Kerkeling: Ich glaube, dass jeder Mensch schon mal ein Burnout erlebt hat oder an seine Grenzen gestoßen ist. Da will dann jeder wieder zu seiner Mitte zurückfinden, was zum Lebensprozess dazugehört. Das kann gewiss mehrmals passieren, und ich für meinen Teil fühle mich im Moment ganz gut eingebettet in meine Mitte. Und ich bilde mir ein, sie nicht nur zu sehen, sondern auch zu spüren. Aber so etwas ändert sich auch wieder im Leben.
Ticket: "Ich bin dann mal weg", Ihr Buch darüber, soll verfilmt werden.
Kerkeling: Im nächsten Jahr.
Ticket: Wer spielt Hape Kerkeling?
Kerkeling: Das weiß ich nicht, das entscheidet die Produktionsfirma. Ich werde es nicht machen. Erstens kann ich mich nicht selber spielen, weil es dann ja eine Rolle ist, und zweitens bin ich dann fast elf Jahre älter als ich damals war, womit es unglaubwürdig werden würde.
Ticket: Sie lieben Animationsfilme. Da wundert es, dass Sie sich nicht schon eine Comicfigur auf den Leib geschrieben haben wie etwa Otto mit seinen Elefanten oder Loriot mit Wum und Wendelin.
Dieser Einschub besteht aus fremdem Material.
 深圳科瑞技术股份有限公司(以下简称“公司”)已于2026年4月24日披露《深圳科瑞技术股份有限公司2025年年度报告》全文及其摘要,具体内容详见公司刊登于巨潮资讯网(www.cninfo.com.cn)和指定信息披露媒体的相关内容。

Kerkeling: Privat zeichne ich sehr gern Karikaturen und habe Zuhause etliche Schatullen damit gefüllt. Ich zeichne seit meinem zehnten Lebensjahr und besitze mittlerweile bestimmt 600 bis 700 Karikaturen von selbst erfundenen Figuren. Aber ich habe sie nie in der Öffentlichkeit gezeigt und werde es wahrscheinlich auch nicht tun.
Ticket: Beschäftigt Sie so etwas wie Ehec?
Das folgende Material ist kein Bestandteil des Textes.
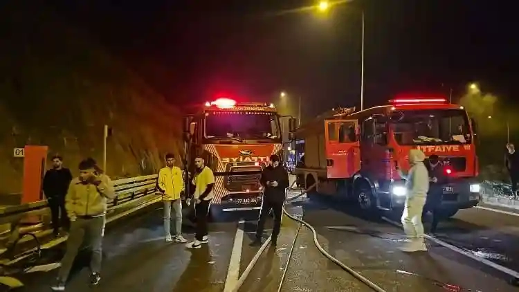 Kocaeli’ den İzmir istikametine giden yolcu otobüsü, Bursa-İstanbul yolu Orhangazi Tüneli girişinde alev alev yandı. 39 yolcu hızla tahliye edilirken, 3 yolcu dumandan etkilendi.

Kerkeling: Hallo, geht’s noch? Ich bin Hypochonder und denke schon die ganze Zeit, was meine Interviewpartner so alles gegessen haben: Gurke oder Sojasprossen?
KUNG FU PANDA 2
Regie: Jennifer Nelson
Mit den deutschen Stimmen von Hape Kerkeling, Cosma Shiva Hagen, Bettina Zimmermann, Ralf Schmitz, Gottfried John und anderen
90 Minuten, frei ab sechs Jahren
Die Story
Nach seinem ersten Abenteuer liegt Pandabär Po wieder gern auf der faulen Haut. Doch neues Unheil bedroht ganz China. Ein fieser Pfau namens Lord Shen ist in die Hände einer neuen Waffe gekommen: Schießpulver! Damit will er die Macht an sich reißen, wären da nicht Po und seine Freunde. Po muss seinen inneren Frieden finden, bevor er den Frieden fürs Land herstellen kann.